Not the Eiffel Tower. Not the Louvre. Not Notre-Dame.

Napoleon’s Tomb at Les Invalides.

I am fascinated by Napoleon Bonaparte in a way I find difficult to fully explain. He was born in Corsica in 1769 — an island that had only just been ceded to France, making him French by the narrowest of margins. He spoke French with a Corsican accent that his classmates mocked. He was an outsider in the country he would come to rule.

He was commissioned as a second lieutenant at sixteen. Nineteen years later he crowned himself Emperor of France.

Not appointed. Not anointed. He took the crown from the Pope’s hands and placed it on his own head — a gesture so audacious it is almost impossible to process. The Pope had travelled from Rome for the ceremony. Napoleon thanked him by crowning himself.

He stood in the Louvre and declared it not big enough.

And yet for all his extraordinary bravado, Napoleon was not an armchair general sending others to die. He is today widely considered one of the greatest military generals in history — personally commanding in battle after battle, leading from the front, present in the chaos rather than directing it from a safe distance.

There is something about that which feels increasingly rare.

We live in an age of leaders who drop bombs from great distances and post about it online. Who wage wars by proxy and measure success in memes and approval ratings. Napoleon was many things — brilliant, ruthless, vain, visionary — but he was present. He stood in the field. He knew what war actually was because he was in it.

His tomb reflects all of this. It sits in an open crypt beneath a soaring dome in Les Invalides — you look down at it from a circular balcony above, the red porphyry sarcophagus massive and silent in the space below. It is not the tomb of a man who wanted to be forgotten.

Carved into the stone beneath him are the words he dictated from his deathbed on Saint Helena — exiled to a remote island in the South Atlantic, 6,000 miles from Paris:

“Je désire que mes cendres reposent sur les bords de la Seine, au milieu de ce peuple français que j’ai tant aimé.”

I desire that my ashes rest on the banks of the Seine, among the French people whom I have so loved.

The most powerful man in the world, reduced to exile, wanting only to go home.

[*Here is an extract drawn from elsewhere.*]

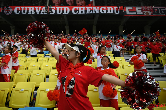 5月26日,2024中超联赛第14轮成都蓉城VS青岛西海岸比赛在成都凤凰山体育公园专业足球场“开战”。现场,一群朝气蓬勃的少年尤为引人注目,他们神色激动,眼中闪烁着对未来的憧憬与渴望,为运动员们和球迷们带来《我是未来》《少年有志》大合唱。

He got his wish. He is there now, beneath that dome, on the banks of the Seine, among the people he loved.

I have a Légion d’honneur medal at home. It was given to me by my French mother-in-law as a keepsake — I did nothing to earn it. But it is a small, remarkable object that Napoleon himself instituted in 1802, awarded ever since to those who have served France with distinction. It sits on my wall quietly, connecting my home in Australia to a man who crowned himself Emperor and whose ashes rest on the banks of a river in Paris.

History has a way of travelling further than even Napoleon imagined.